The drought in the U.S. Midwest that has pushed up corn prices 23 percent since June 15 may eventually rival a dry period in 1988 that cost agriculture $78 billion, a government meteorologist said. This years weather pattern, which settled into the Great Plains and the Southwest last year and has spread into the Corn Belt, resembles those of a quarter century ago and several earlier eras, Matthew Rosencrans, a drought specialist with the National Weather Service, said today at a forum in Washington.
We already have the dry conditions, said Rosencrans, a contributor to the governments weekly drought monitor. The drought that ran through 1987 and 1988 will come up as one of the clearest analogues to this year.
Fifty-six percent of the U.S. corn crop was in good-to- excellent condition as of June 24, down from 63 percent a week earlier and a 20-year low for this point in the season, according to the U.S. Department of Agriculture. Futures of the grain traded in Chicago touched a nine-month high earlier today.

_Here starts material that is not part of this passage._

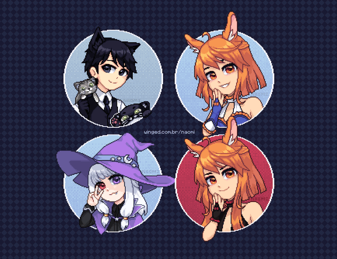 Icon commissions for @/Daxlian, @/kittysnes and a Ko-Fi user and a gift for @/matheuus_arts 💙 Icon commissions open at ko-fi.com/naomi_wgd/comm… #pixelart #ドット絵 #daxliart #kiyomillust

Areas of Indiana, Illinois, eastern Iowa and Missouri have had less than half of the normal rainfall in the past 30 days, according to the National Weather Service. Parts of the Midwest may see some significant showers by the middle of next week, while the driest areas of the Midwest and the Mississippi Delta region may see little precipitation, Telvent DTN Inc. said yesterday.
U.S. stockpiles of corn may have dropped 14 percent to 3.168 billion bushels as of June 1 from a year earlier, according to a Bloomberg News survey of analysts. The USDA will update its estimates for U.S. reserves and acreage on June 29.
Todays forum was sponsored by the Oak Brook, Illinois- based Farm Foundation. Other speakers included Jay Armstrong, who grows corn, soybeans and wheat in Atchison County, Kansas; Kitty Smith, chief economist for American Farmland Trust; and David Anderson, an agricultural economist at Texas A&M University.